- Born: Kenya
- Education: Daystar University (Bachelor's Degree in Communication) (MBA in Strategic Management)
- Occupations: Marketing Executive, Designer
- Title: Principal Marketing and Communications Officer at USIU Africa and Founder/Owner of Jackie Jewels Limited.

= Jackie Chirchir =

Jackie Chirchir, is a marketing & communications expert and designer who serves as the Principal Marketing and Communications Officer at United States International University Africa (USIU Africa). She is also an internationally recognized designer of jewelry and furniture.

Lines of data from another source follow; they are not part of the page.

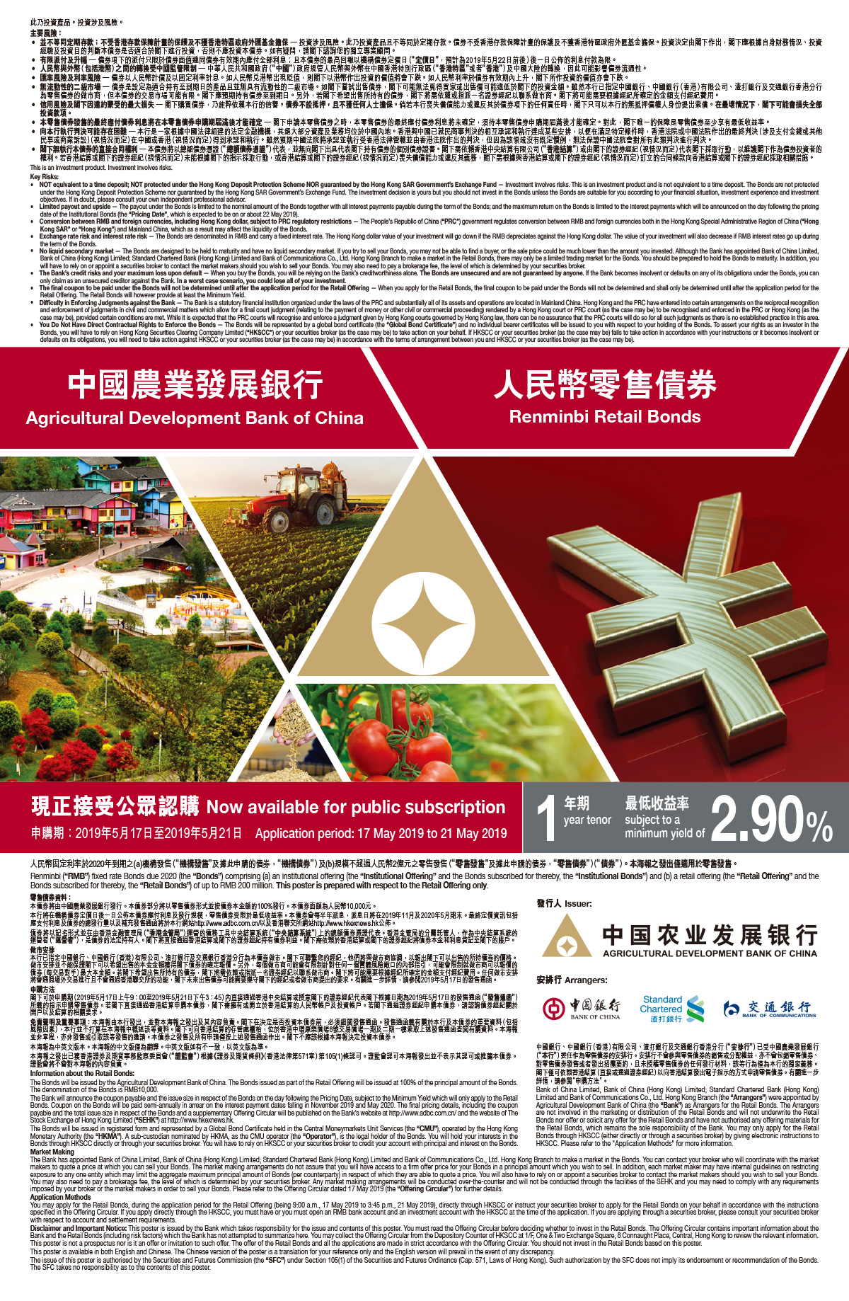 中國農業(yè)發(fā)展銀行人民幣零售債券現(xiàn)正接受香港公眾認購 AGRICULTURAL DEVELOPMENT BANK OF CHINA RENMINBI RETAIL BONDS - NOW AVAILABLE FOR HK PUBLIC SUBSCRIPTION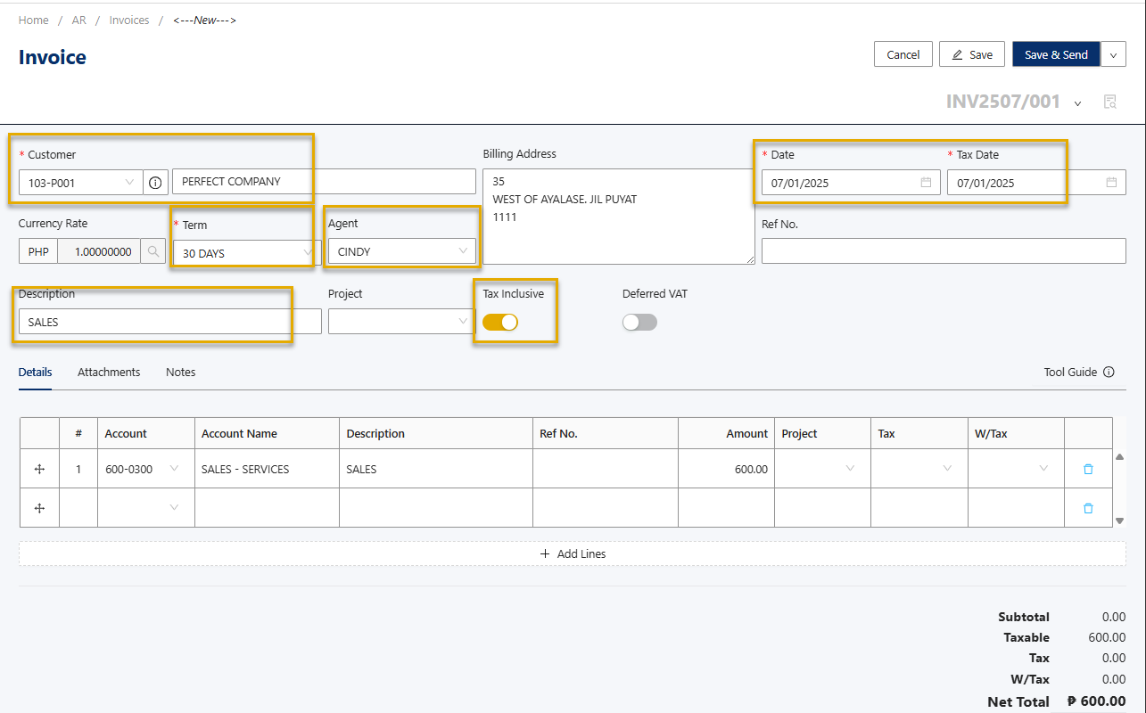 Tax – Choose a tax code (e.g., Vatable 12%) if applicable.
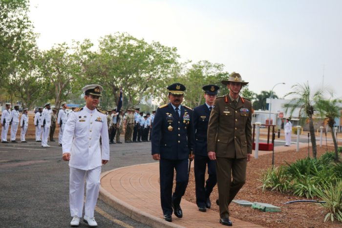 PB|Australia – Panglima TNI Marsekal TNI Hadi Tjahjanto, S.I.P. melaksanakan kunjungan kehormatan kepada Chief of Defence Forces Australia General Angus Campbell, bertempat di Markas Northern Command, Larrakeyah, Australia, Jumat (27/7/2018). Kunjungan kehormatan tersebut dilakukan sebelum pelaksanaan Australia-Indonesia High Level Committee (Ausindo HLC) ke-6 tahun 2018.

==Background and education==
Chirchir was born in Kenya circa 1990. After attending local primary and secondary schools, she was admitted to Daystar University, a private Christian university in Kenya, where she graduated with a bachelor's degree in communications. She went on to obtain a Master of Business Administration degree in Strategic Management, also from Daystar.

==Career==
In 2010, while an undergraduate at university, Jackie began making jewelry from recycled materials, as a hobby. The popularity of her products led to more contacts and the expansion of her clientele. Later she expanded into furniture design and manufacturing, working out of a workshop along Ngong Road, in Nairobi, Kenya's capital city. Her products are marketed under the brand "Jackie Jewels" and employed three people, as of August 2017. Marketing is primarily via social media and by word of mouth.

In addition to working at Jackie Jewels, Ms Chirchir is employed as the Principal Marketing and Communications Officer at USIU Africa in Nairobi.